The Solution: get_impacted_nodes jnkn implements a custom semantic BFS that traverses edges based on their logical data flow, not just graph direction.

def get_impacted_nodes(self, source_ids: List[str], max_depth: int = -1) -> Set[str]:
    """
    Calculate impact by traversing:
    1. Downstream for data flow (PROVIDES, WRITES, FLOWS_TO)
    2. Upstream for dependencies (READS, DEPENDS_ON) - Reverse traversal
    """
    FORWARD_TYPES = {"provides", "writes", "flows_to", "provisions"}
    REVERSE_TYPES = {"reads", "depends_on", "calls"}

    # ... BFS implementation that flips direction based on edge type ...

This ensures that changing an infrastructure resource correctly "blasts" upwards to the applications that read its outputs.

Algorithms & Implementations

1. Blast Radius (Semantic BFS)

Finds all artifacts semantically affected by a change.

  • Algorithm: Semantic Breadth-First Search (BFS)
  • Complexity: $O(V + E)$
  • Logic:
    • Start at changed nodes.
    • Follow PROVIDES edges forward.
    • Follow READS edges backward.
    • Repeat until max_depth or exhaust.

2. Lineage Tracing (Pathfinding)

Finds the path explaining why Node A affects Node B.

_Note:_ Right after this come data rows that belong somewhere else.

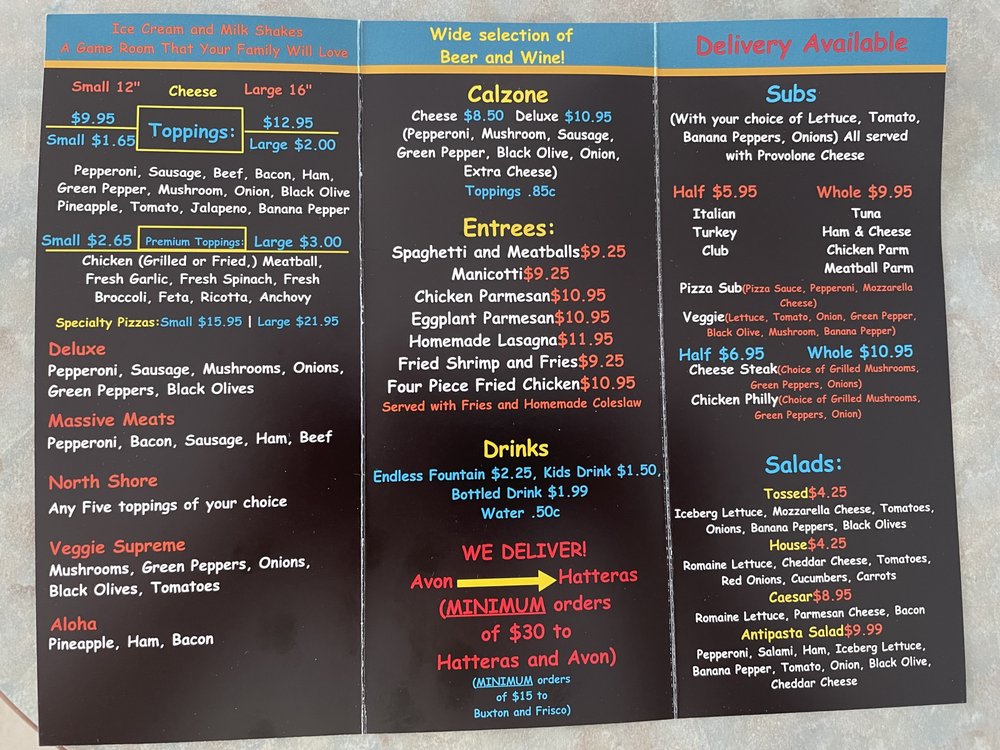 Angelo's Pizza in Buxton, NC offers a variety of options from pizzas, sandwiches, to burgers. Known for their personalized pizzas, subs, and calzones, this casual eatery provides excellent service and quick wait times for takeout orders. Customers rave about the delicious cheesy pizzas and wide range of options including gluten-free choices and loaded subs. The friendly and accommodating staff ensure a pleasant dining experience. Reviewers praise the great French fries and fried pickles, highlighting the fast service and reasonable prices. With ample vegetarian options and a cozy outdoor seating area, Angelo's Pizza is a perfect spot for a family-friendly meal or a group gathering. Located conveniently on NC 12 Hwy, Angelo's Pizza promises a satisfying meal for both locals and vacationers on Hatteras Island.
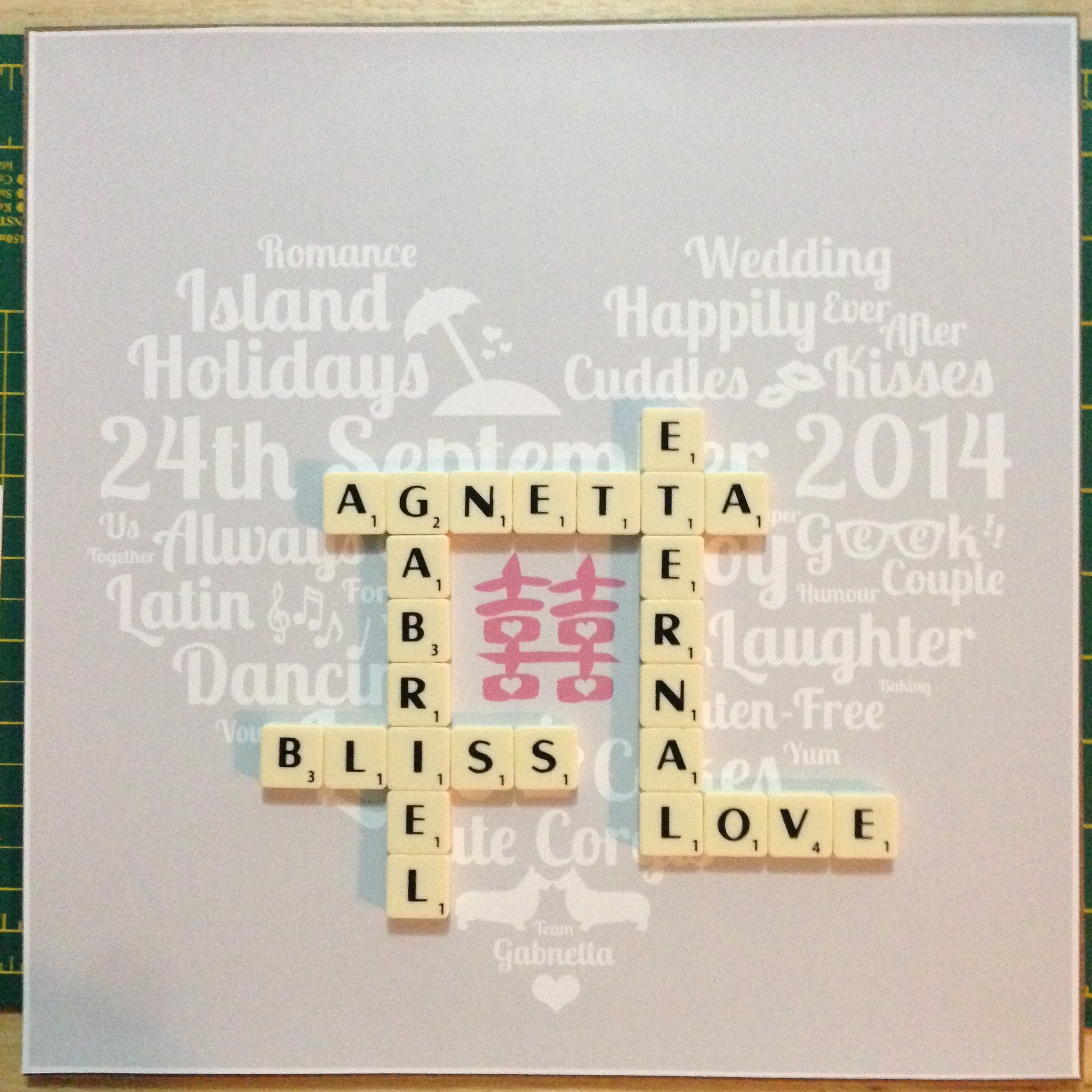 After much deliberation, I thought the best compromise would be something handmade (of course!). I’d seen quite a few bespoke Scrabble-inspired gifts on Etsy, and had been toying with the idea of making one. What with Gabriel and Aggie being being into geeky stuff like that, I thought this would be the perfect opportunity. I’d never done it before, so I wasn’t sure how I was going to pull it off. Plus, there were only a few weeks left to go.
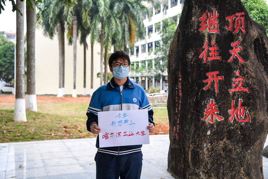 “我今年想順利考上哈爾濱工業(yè)大學(xué),以后當一名飛行器設計師,這是我從初中時(shí)就立下的志愿?!?/p>
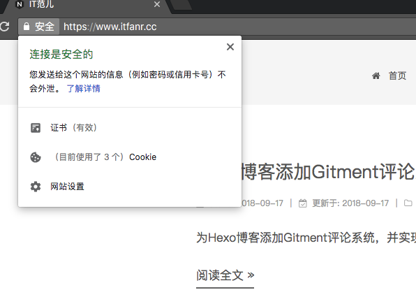 再次刷新页面后,发现如果页面中没有引用到七牛云的图片链接,地址栏中是显示“小绿锁”的,比如首页;而到了文章详情页中,引用了七牛云的图片链接后,地址栏中就会显示“叹号”的不安全标志。
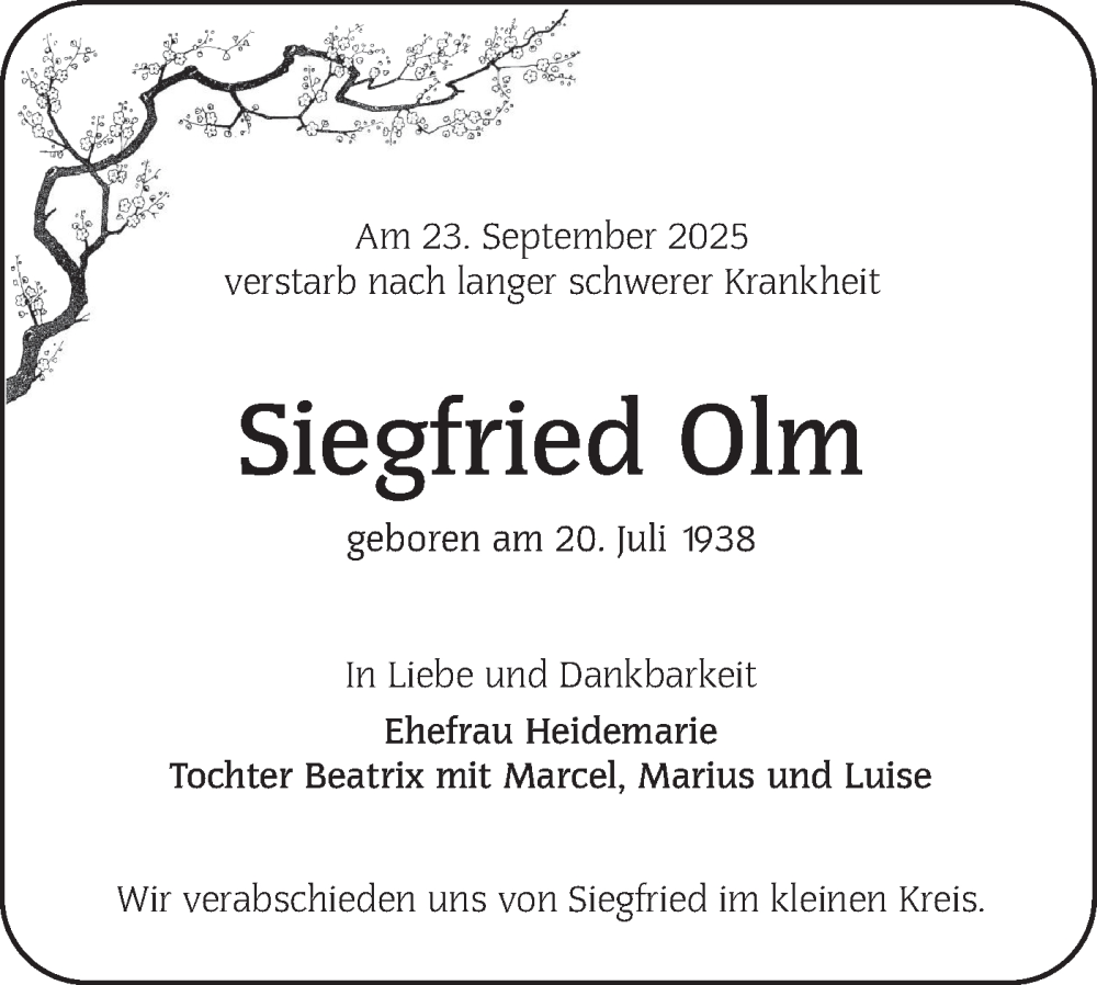 Hier finden Sie alle Traueranzeigen aus der Zeitung, die bisher für Siegfried Olm erschienen sind. Weitere Traueranzeigen, die in der Zeitung erscheinen, werden hier ebenfalls aufgelistet
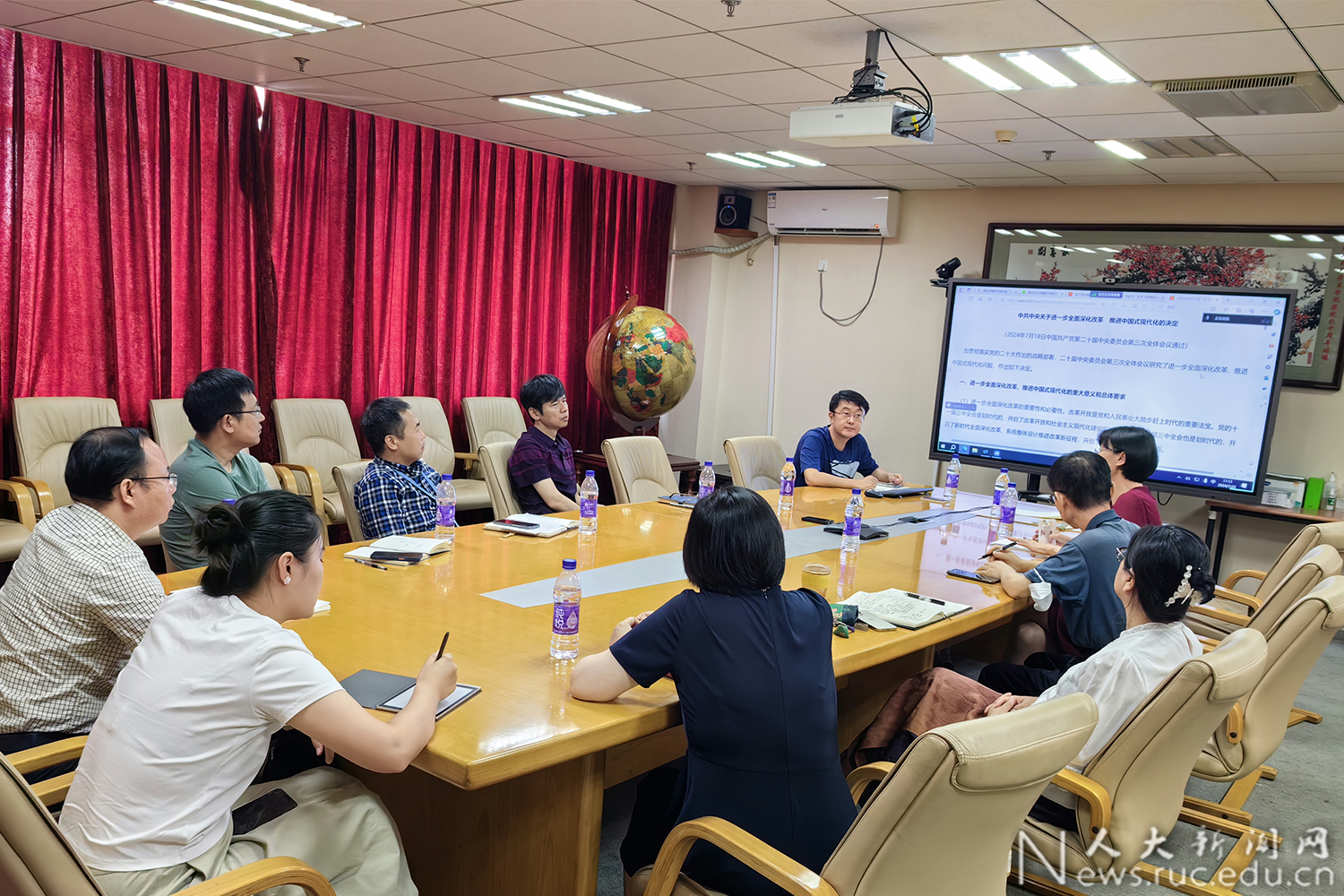 会前,与会成员认真学习了《中国共产党第二十届中央委员会第三次全体会议公报》《中共中央关于进一步全面深化改革、推进中国式现代化的决定》、7月19日中国人民大学党委理论学习中心组(扩大)专题学习会精神。会上,旋天颖书记领学“习近平总书记关于《中共中央关于进一步全面深化改革、推进中国式现代化的决定》的说明”,带领与会人员进一步深入了解党的二十届三中全会召开的重要历史意义、作出的重大战略部署等。与会人员聚焦网上博彩网站大全 中心工作,结合学科专业领域和本职工作分享学习体会,展开深入研讨。
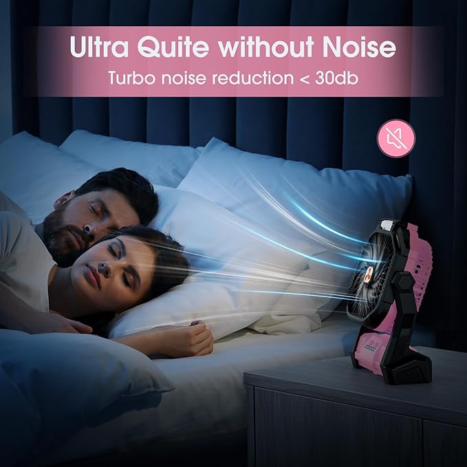 - Strong Wind & Quiet Design for Battery Powered Fans: This portable fan comes with 4 adjustable wind speeds to meet different needs and keep you cool at home or for travel like camping. The brushless motor and upgraded fan blades operate efficiently with minimum noise, and you will have a calm and peaceful experience thanks to its noise level of ≤ 30Db
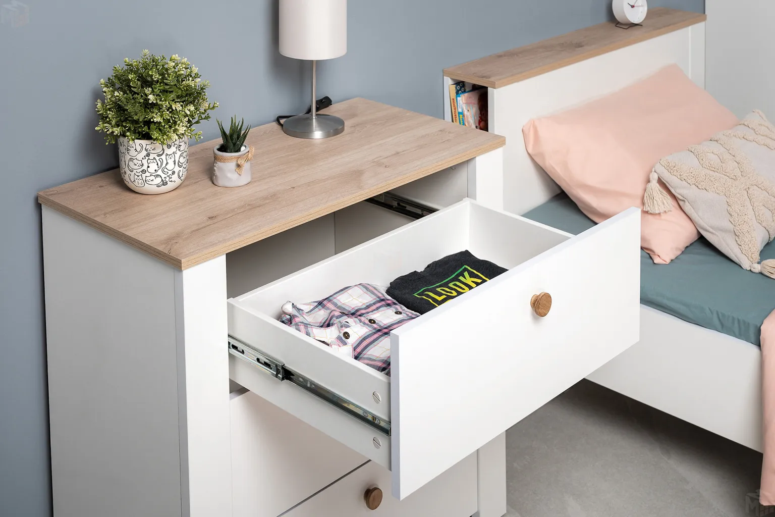 Кровать 11.54 Джастин имеет интересную конструкцию. Функциональная ниша в спинке кровати. Визитная карточка коллекции – лицевая фурнитура из натурального массива дуба. -
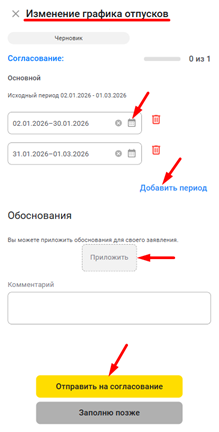 - Реализована возможность переноса отпуска по графику – сотрудник может отправить заявление на изменение дат непосредственно из своего календаря отпусков. Данную функцию нужно отдельно включать в настройках.
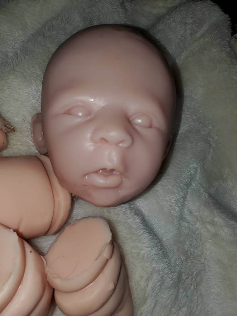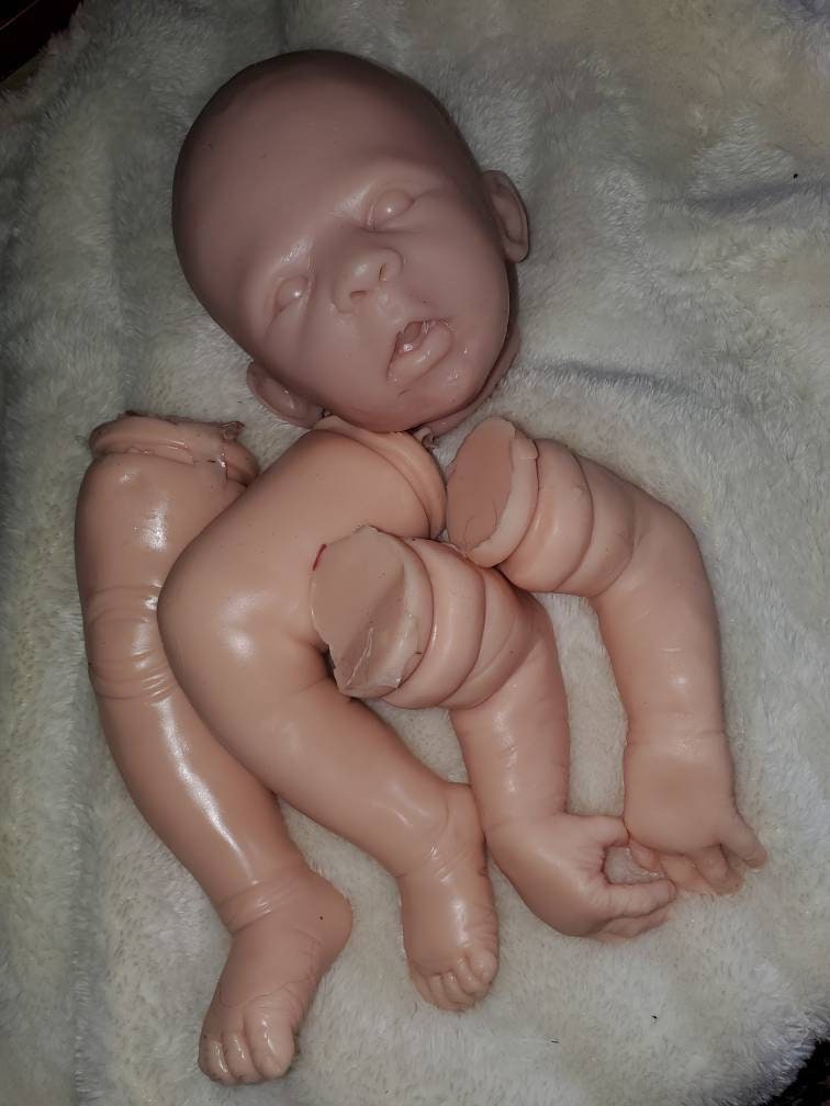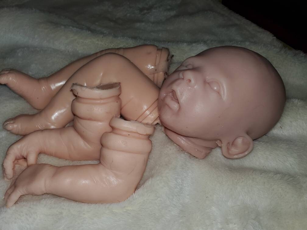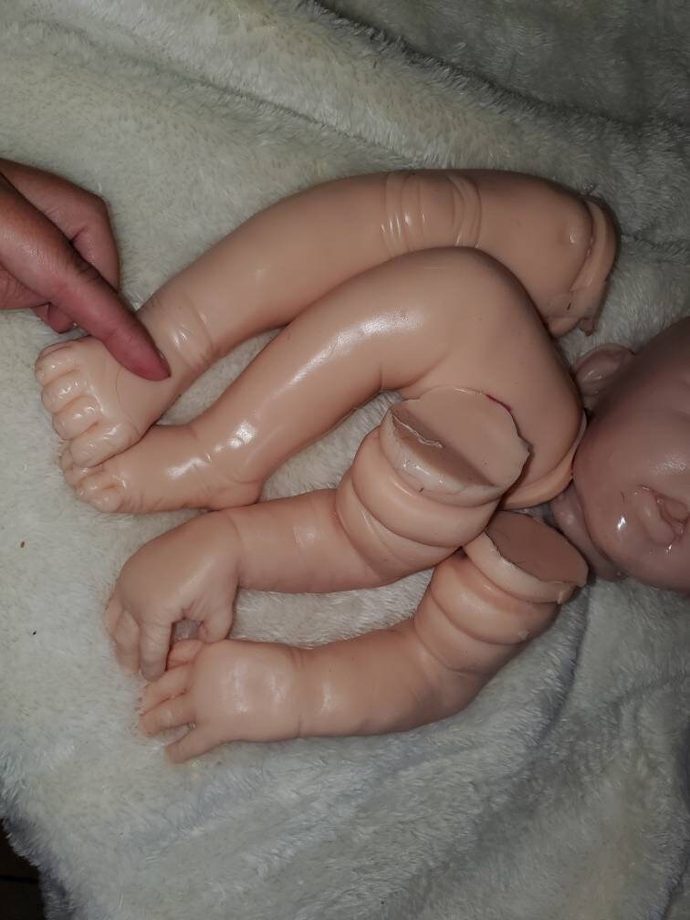 Poured in soft blend eco flex silicone. Limbs are very flexible. Head is open eye baby. This makes a 22"-24" baby complete with a body depending what size you choose. This does not include a cloth body. No returns
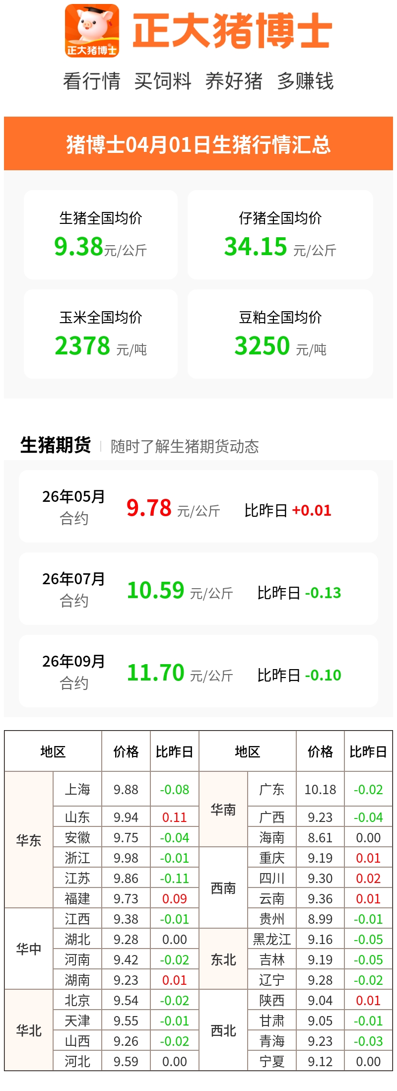 【猪价日报】2026年4月1日 均价10.09元 多数省份持稳
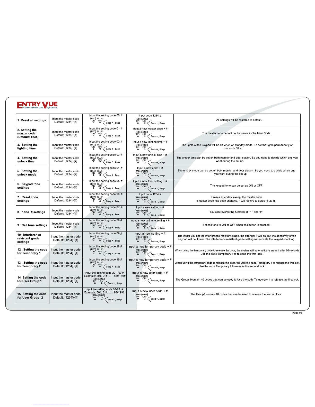 Entryvue VD-950 - Detailed Setting Procedures; Master Code and System Reset Procedures; Time, Unlock, and Tone Configuration Steps; Interference and Call Tone Settings
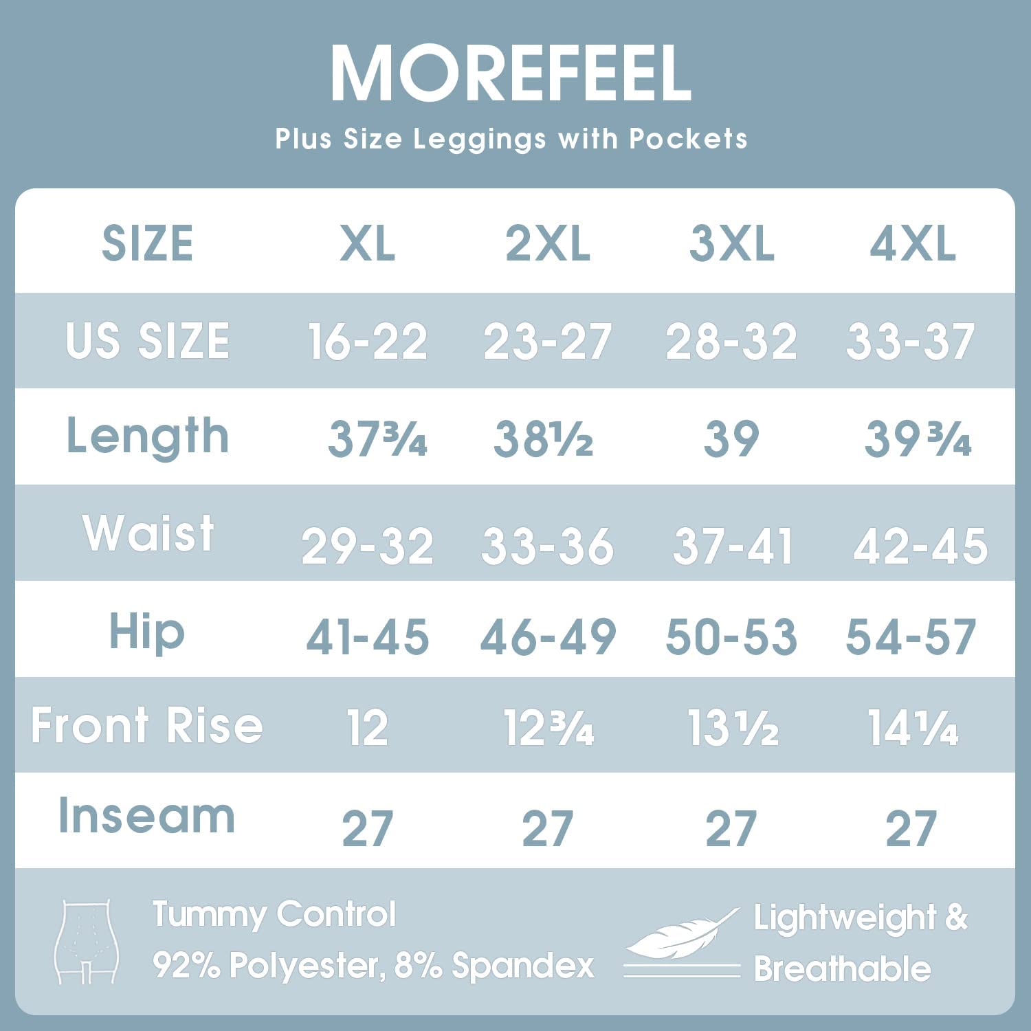 • ✅ PLUS SIZES FOR YOU - Plus leggings with pockets are stretchy to fit sizes 1X-4X. Please choose your size according our size chart. With MOREFEEL plus pockets leggings make you more confident and beautiful.

  • Algorithm: rustworkx.all_simple_paths
  • Complexity: $O(V + E)$ (highly optimized in Rust)
  • Implementation:
    1. Attempt forward semantic trace (following data flow).
    2. Fallback to reverse dependency check if direct flow is broken but a dependency exists.
def trace(self, source_id: str, target_id: str) -> List[List[str]]:
    src_idx = self._id_to_idx[source_id]
    tgt_idx = self._id_to_idx[target_id]
    # Optimized Rust call
    return rx.all_simple_paths(self._graph, src_idx, tgt_idx)

3. Stitching (Fuzzy Matching)

Connects nodes across different domains (e.g., Terraform -> Python) using token overlap.

  • Structure: TokenIndex (Inverted Index)
  • Complexity: $O(1)$ lookup per token
  • Logic:
    • Tokenize node names (e.g., PAYMENT_DB_HOST -> payment, db, host).
    • Index nodes by tokens.
    • Query index to find candidates sharing significant tokens.

Performance Improvements

Moving to rustworkx provided significant gains over the previous NetworkX implementation:

Operation NetworkX (Old) rustworkx (New) Improvement
Graph Construction Python Loop Rust Vector Ops \~5x faster
Pathfinding Pure Python BFS Parallel Rust \~10-50x faster
Memory Usage Heavy Python Objects Compact Rust Structs \~3x reduction
Descendants Recursive Python Optimized Native \~100x faster

Future Enhancements

1. Weighted Impact Scoring

Enhance get_impacted_nodes to decay impact score over distance: $$\text{Score}(node) = \frac{\text{Confidence}(path)}{1 + \text{Distance}}$$

2. Cycle Detection & breaking

Use rustworkx.simple_cycles to detect circular dependencies (e.g., A reads B, B reads A) that might cause infinite analysis loops or deployment deadlocks.

3. Parallel Subgraph Analysis

For massive monorepos, partition the graph into disjoint subgraphs (using rustworkx.connected_components) and run semantic analysis on each component in parallel threads.